Note on LUI: The assembler may shift the immediate value right by 16 bits when encoding, so specify the upper 16 bits directly (e.g., LUI 0xABCD, rg0 not LUI 0xABCD0000, rg0).
Encoding Note: In machine code: Value (Immediate field), DestReg (SrcReg field for LLI, SrcReg field for LUI)

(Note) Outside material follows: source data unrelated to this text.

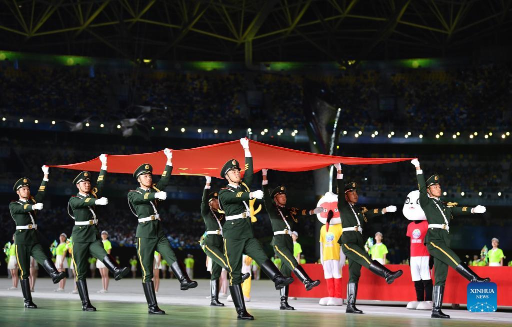The Chinese national flag is carried to the stadium during the opening ceremony for China's 14th National Games in Xi'an, Shaanxi Province, Sept. 15, 2021. (Xinhua/Zhang Bowen)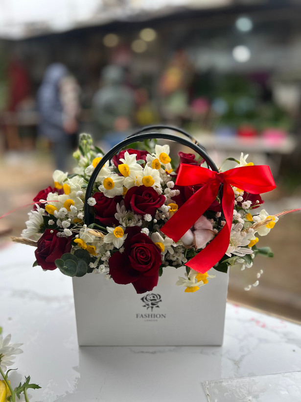 فلاوربگ رز قرمز و گل نرگس شیراز❤️💛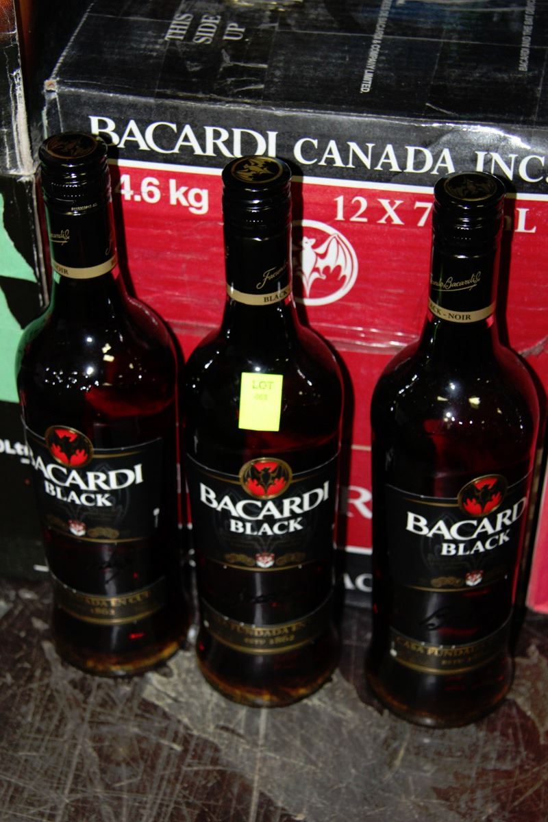THREE 750 ML BOTTLES OF BACARDI BLACK RUM 40%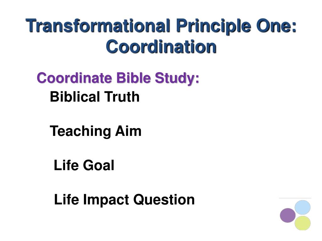 Transformational Principle One: Coordination Coordinate Bible Study: Biblical Truth Teaching Aim Life Goal Life Impact Question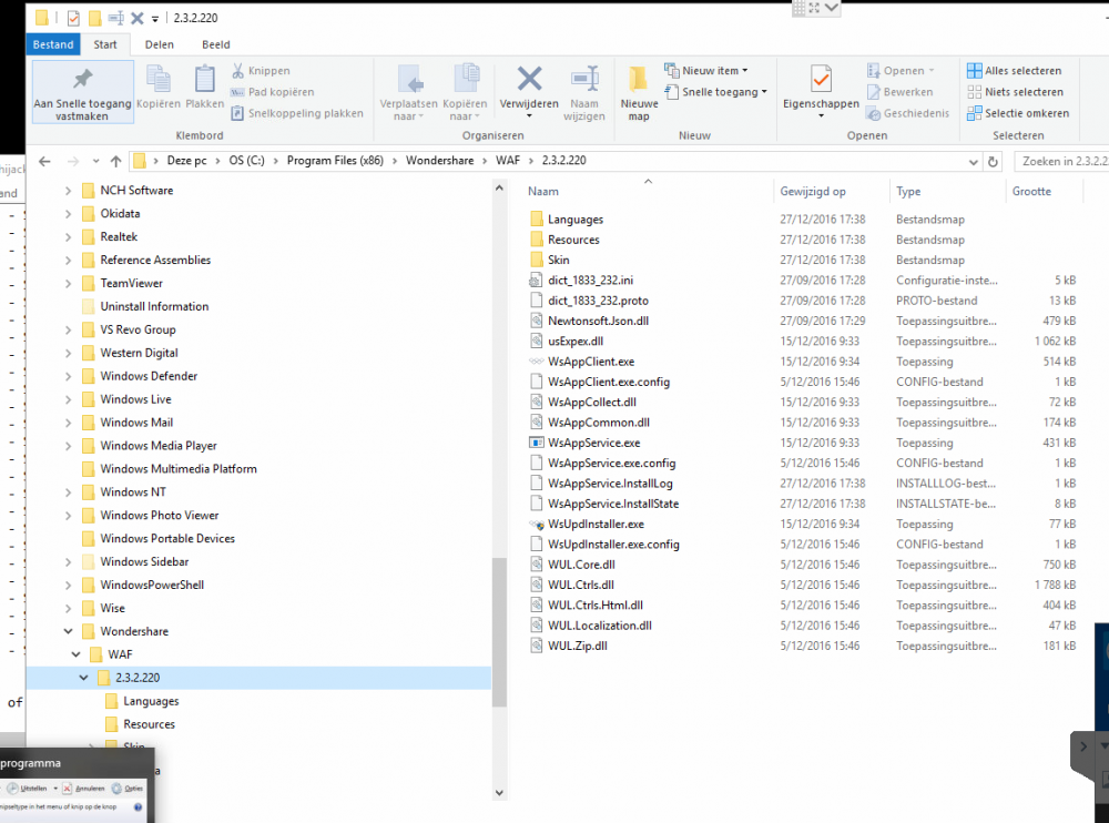 Kon vandaag al even in PC Wondershare was niet te vinden in de lijst van CCleaner. Ook nog eens gekeken met Revo maar niets. Ik heb dan gekeken in C:ProgramFiles(86)\Wondershare. Er zat een uninstall.exe in. Deze laten lopen en dan een paar keer CCleaner registeropkuis. Alles is gelukt. Dus die Wondershare is weg en kan geen last meer berokkenen. Superbedankt voor de hulp! Moet ik nog iets doen om deze thread op opgelost te zetten? Ik zie ook niet hoe ik je bedankpunt moet geven. Zal het aan Zeerover moeten vragen want die kon het wel -

Jump and Branch Instructions
| Hex | Mnemonic | Type | Operands | Description |
|---|---|---|---|---|
| 0x0D | JMP | I | Offset, BaseReg | Unconditional jump to (BaseReg + Offset) |
| 0x0E | JEQ | I | Offset, BaseReg | Jump if Equal flag set |
| 0x0F | JNE | I | Offset, BaseReg | Jump if Equal flag NOT set |
| 0x10 | JGT | I | Offset, BaseReg | Jump if GreaterThan flag set |
| 0x11 | JGE | I | Offset, BaseReg | Jump if GreaterThan OR Equal flag set |
| 0x12 | JLT | I | Offset, BaseReg | Jump if LessThan flag set |
| 0x13 | JLE | I | Offset, BaseReg | Jump if LessThan OR Equal flag set |
Jump Calculation:
- Target address = BaseReg + SignExtend(Offset)
- If BaseReg = zero, this becomes absolute addressing with Offset
- If BaseReg = ret, this becomes return-style addressing
- Conditional jumps check flags in STS register
Common Patterns:
JMP label, zero ; Absolute jump to label address
JMP 0, ret ; Jump to address in ret register
JMP 4, ret ; Jump to (ret + 4)
Encoding Note: In machine code: Offset (Immediate field), BaseReg (SrcReg field) (DestReg unused, set to noreg)
Comparison
| Hex | Mnemonic | Type | Operands | Description |
|---|---|---|---|---|
| 0x14 | CMP | R | Reg1, Reg2 | Compare Reg1 with Reg2, set flags in STS |
Flag Setting:
- Equal: Set if Reg1 == Reg2
- GreaterThan: Set if Reg1 > Reg2 (signed)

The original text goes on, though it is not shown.